***** Excerpted records *****
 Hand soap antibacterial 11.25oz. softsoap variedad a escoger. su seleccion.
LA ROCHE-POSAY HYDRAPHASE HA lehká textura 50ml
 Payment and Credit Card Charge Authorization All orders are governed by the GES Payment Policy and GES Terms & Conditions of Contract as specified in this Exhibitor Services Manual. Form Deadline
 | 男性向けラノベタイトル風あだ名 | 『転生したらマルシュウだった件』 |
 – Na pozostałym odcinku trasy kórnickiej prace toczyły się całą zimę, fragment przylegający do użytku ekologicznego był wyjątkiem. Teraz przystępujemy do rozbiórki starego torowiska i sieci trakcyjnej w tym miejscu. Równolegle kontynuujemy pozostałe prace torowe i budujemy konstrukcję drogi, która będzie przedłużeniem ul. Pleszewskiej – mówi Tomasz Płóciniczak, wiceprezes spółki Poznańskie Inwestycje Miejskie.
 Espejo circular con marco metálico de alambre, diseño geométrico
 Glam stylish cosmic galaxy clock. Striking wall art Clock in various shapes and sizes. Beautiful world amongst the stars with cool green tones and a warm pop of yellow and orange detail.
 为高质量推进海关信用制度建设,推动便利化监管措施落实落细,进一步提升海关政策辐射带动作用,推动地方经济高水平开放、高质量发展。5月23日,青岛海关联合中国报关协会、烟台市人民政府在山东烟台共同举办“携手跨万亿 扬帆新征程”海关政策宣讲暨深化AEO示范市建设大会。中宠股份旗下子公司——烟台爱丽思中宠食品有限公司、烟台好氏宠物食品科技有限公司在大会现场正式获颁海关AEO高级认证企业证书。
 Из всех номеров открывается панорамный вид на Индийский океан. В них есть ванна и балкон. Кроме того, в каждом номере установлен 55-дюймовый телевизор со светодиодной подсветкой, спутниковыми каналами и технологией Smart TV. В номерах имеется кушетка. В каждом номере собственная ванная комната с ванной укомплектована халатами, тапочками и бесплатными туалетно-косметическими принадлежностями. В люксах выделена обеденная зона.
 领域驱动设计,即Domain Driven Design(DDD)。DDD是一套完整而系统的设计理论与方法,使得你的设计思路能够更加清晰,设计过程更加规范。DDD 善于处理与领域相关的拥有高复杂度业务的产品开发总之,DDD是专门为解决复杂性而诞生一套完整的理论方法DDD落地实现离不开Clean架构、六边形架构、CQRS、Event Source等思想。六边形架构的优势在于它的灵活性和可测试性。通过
*****
***** Excerpted records *****
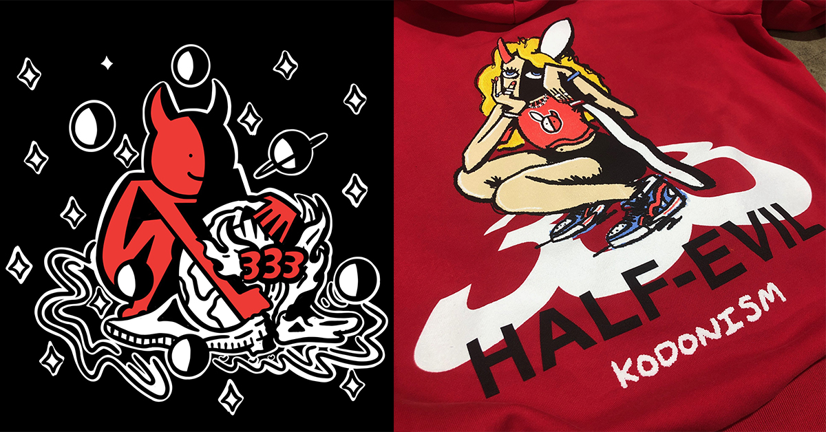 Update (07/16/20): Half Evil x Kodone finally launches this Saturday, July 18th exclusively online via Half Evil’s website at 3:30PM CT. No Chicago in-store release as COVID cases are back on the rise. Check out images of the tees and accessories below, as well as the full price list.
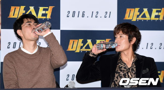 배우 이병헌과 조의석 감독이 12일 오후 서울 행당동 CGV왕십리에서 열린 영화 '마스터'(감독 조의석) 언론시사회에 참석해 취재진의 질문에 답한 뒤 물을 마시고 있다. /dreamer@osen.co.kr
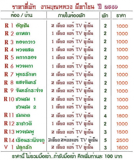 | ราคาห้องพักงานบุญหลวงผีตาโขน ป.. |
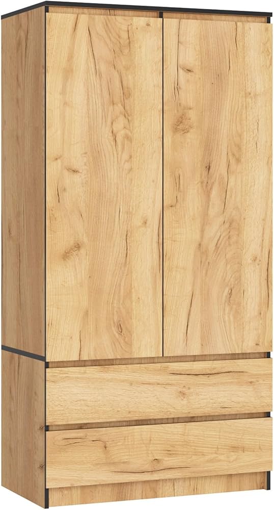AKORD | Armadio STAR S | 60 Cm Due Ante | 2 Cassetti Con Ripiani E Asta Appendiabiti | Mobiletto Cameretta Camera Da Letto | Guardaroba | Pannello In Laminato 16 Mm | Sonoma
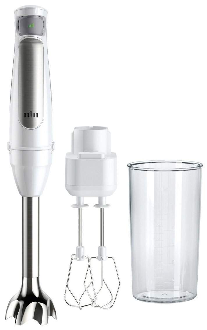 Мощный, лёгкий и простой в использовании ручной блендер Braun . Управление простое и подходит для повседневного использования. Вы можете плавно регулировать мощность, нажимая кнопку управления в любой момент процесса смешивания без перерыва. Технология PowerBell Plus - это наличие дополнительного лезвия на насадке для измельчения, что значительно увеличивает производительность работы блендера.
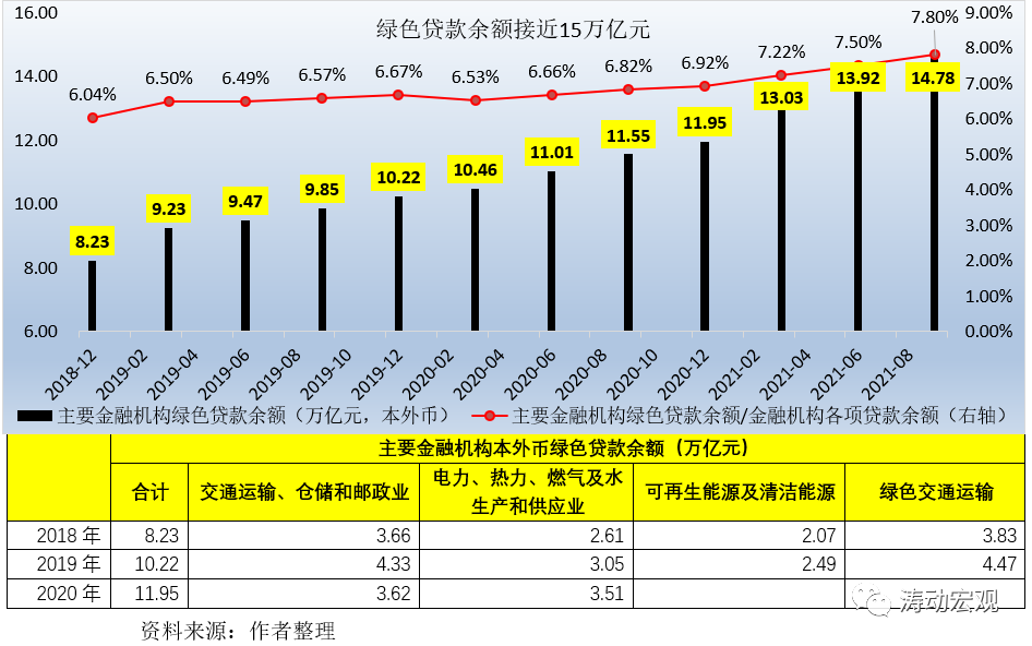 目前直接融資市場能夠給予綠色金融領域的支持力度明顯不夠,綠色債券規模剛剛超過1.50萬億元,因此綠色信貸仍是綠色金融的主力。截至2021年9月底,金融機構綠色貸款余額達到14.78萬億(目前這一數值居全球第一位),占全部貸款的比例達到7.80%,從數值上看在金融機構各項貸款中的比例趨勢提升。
*****
- Problem
Please, from the entries above, set down exactly the lines from the one containing "Hand soap antibacterial" through the one containing "男性向けラノベタイトル風あだ名 | 『転生したらマルシュウだった件』 |", and only those.

- Result of this task
 Hand soap antibacterial 11.25oz. softsoap variedad a escoger. su seleccion.
LA ROCHE-POSAY HYDRAPHASE HA lehká textura 50ml
 Payment and Credit Card Charge Authorization All orders are governed by the GES Payment Policy and GES Terms & Conditions of Contract as specified in this Exhibitor Services Manual. Form Deadline
 | 男性向けラノベタイトル風あだ名 | 『転生したらマルシュウだった件』 |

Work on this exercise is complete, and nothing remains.